→ ASSIGNMENT: Of the entries below, return exactly those lines that fall between the one containing "The windows of" and the one containing "- Tilaa isolle", the two end lines included.

→ SUPPLIED RECORDS:
--

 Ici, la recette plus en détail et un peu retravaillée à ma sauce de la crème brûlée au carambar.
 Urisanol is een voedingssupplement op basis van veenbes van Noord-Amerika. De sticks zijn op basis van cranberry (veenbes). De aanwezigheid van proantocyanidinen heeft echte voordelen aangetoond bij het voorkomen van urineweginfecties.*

--

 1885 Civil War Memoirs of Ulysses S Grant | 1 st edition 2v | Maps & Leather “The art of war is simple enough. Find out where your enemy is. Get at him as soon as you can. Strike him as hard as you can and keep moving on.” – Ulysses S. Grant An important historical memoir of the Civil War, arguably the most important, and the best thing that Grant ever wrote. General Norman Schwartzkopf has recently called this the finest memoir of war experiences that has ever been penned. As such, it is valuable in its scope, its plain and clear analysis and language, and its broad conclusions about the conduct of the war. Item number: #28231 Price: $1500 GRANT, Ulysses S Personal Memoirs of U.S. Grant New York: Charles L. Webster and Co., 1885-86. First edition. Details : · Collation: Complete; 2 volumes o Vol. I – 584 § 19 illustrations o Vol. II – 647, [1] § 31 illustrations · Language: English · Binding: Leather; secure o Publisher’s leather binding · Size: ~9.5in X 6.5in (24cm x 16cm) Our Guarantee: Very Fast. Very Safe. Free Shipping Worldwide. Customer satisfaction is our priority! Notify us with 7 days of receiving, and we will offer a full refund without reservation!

--

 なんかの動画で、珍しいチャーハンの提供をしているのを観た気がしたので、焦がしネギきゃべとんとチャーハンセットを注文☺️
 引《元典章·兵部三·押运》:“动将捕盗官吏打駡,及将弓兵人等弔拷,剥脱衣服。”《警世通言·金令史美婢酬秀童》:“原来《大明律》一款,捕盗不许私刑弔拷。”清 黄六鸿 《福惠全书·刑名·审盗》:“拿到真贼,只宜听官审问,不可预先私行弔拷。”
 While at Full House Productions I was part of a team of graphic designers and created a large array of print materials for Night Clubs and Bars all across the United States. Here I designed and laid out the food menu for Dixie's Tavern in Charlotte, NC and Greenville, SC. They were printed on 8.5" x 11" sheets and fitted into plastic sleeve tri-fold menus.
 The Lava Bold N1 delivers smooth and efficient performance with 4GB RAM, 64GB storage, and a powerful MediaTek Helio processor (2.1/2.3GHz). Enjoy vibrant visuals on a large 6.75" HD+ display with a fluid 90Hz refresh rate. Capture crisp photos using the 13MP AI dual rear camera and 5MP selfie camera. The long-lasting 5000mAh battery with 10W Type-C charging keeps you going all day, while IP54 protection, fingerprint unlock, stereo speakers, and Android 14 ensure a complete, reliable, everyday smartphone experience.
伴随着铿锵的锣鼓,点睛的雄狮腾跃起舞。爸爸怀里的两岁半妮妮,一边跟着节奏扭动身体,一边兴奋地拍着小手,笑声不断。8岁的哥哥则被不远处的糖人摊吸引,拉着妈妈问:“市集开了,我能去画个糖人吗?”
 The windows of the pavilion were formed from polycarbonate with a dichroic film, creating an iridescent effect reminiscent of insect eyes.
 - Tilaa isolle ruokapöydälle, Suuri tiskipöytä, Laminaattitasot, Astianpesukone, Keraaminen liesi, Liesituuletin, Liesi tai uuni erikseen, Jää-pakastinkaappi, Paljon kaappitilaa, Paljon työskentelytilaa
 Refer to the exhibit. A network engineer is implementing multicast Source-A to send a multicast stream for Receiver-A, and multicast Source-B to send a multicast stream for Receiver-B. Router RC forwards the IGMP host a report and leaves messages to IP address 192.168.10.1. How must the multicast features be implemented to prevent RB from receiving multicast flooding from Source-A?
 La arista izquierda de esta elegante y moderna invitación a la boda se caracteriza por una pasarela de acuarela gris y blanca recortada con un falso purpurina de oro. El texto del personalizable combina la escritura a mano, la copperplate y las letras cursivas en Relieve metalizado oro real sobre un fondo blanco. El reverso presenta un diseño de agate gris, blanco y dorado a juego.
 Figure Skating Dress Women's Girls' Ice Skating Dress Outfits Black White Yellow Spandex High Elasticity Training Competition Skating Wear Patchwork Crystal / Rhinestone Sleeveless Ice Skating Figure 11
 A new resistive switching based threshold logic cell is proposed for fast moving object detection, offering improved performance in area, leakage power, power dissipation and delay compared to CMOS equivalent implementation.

--

→ YOUR SOLUTION:
 The windows of the pavilion were formed from polycarbonate with a dichroic film, creating an iridescent effect reminiscent of insect eyes.
 - Tilaa isolle ruokapöydälle, Suuri tiskipöytä, Laminaattitasot, Astianpesukone, Keraaminen liesi, Liesituuletin, Liesi tai uuni erikseen, Jää-pakastinkaappi, Paljon kaappitilaa, Paljon työskentelytilaa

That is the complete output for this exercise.